Не раз и не два приходили чиновники. Стучали кулаками по лесам, требовали закончить как можно скорее. Одним Берлинга делал солидное лицо, на других — отлаивался. А ещё требовал у Ротгера отпроситься с занятий «по болезни», обкладывал в шестнадцать этажей Филиппа и других, но делу это не помогало.
Рассвет пятнадцатого Осенних Волн Ротгер встретил под мостом через Эйну. От воды тянуло холодом и руки коченели даже в перчатках. Краска на бетон ложилась медленно и сохла плохо. Одно неверное движение — и стирается, намертво въедаясь в одежду. В десяти бье от него на таком же карабине висел Филипп, с другой стороны моста — Берлинга и Пауль. Еще трое красили перила наверху.
Закончить удалось всего за полчаса до прохода марша. На набережной уже скапливался народ. Пришлось затянуть под мост карабины и оставить там, убрать их категорически не успевали.
— Молодцы, — сказал Берлинга, когда они выбрались на набережную и как один стянули печатки, пытаясь согреть замерзшие руки. — Теперь домой…

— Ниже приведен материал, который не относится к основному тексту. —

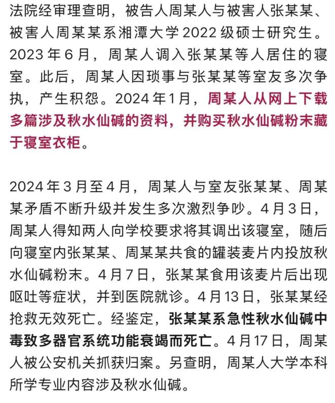 湘潭大學(xué)宿舍投毒案有了新的進(jìn)展。

Стон облегчения был ему ответом.
— Пожуете, выпьете шадди — и бегом обратно. Надо доделать освещение на двух улицах, Ольгерда и Бруно, до темноты как раз успеем.
— Да ты издеваешься?! — возопил Ротгер. — Какое, к закатным тварям, освещение, я не спал двое суток!
Тут же его сильно толкнули в спину и, обернувшись, Ротгер увидел мордатого дрикса в тельняшке.
— Я тут два часа назад занял, ты, фрошер недобитый.
— Как ты себя ведешь, Густав! — возмутилась старуха из-за его спины. — Молодые люди, вы не могли бы освободить наше место?
— Прошу прощения, — Берлинга подхватил возмущенного Ротгера под руку и поволок прочь. — Не слушай ты этих гусей, они сейчас все ненормальные. Давай, пошел домой, и чтоб как марш пройдет — все были на Ольгерда как штык.
Ругаться не осталось сил. Ротгер вяло махнул рукой и потащился догонять остальных. Он им сделает. Он такое освещение сделает, что весь Старый город сгорит к Леворукому этим же вечером, грот-мачту всем в задницу…
Темнело удивительно быстро. Гораздо быстрее, чем удавалось разобраться в проводке. Хотелось высмотреть в толпе знакомых: Олафа, Руппи или, может, Бермессера, хотя представить его высокомерную физиономию среди празднующих горожан было сложновато. Мелькнул неподалеку Зепп — или показалось? Ротгер закрутил последний винт и устало присел на стремянку. Наконец-то.
— Эй, крабий сын, уснул что ли?! — заорал Берлинга, громыхнув ключами по дверце щитка. — Готово, нет?
— Да готово, готово. Запускай уже.
Если не заработает, он сдохнет прямо тут. Они все сдохнут.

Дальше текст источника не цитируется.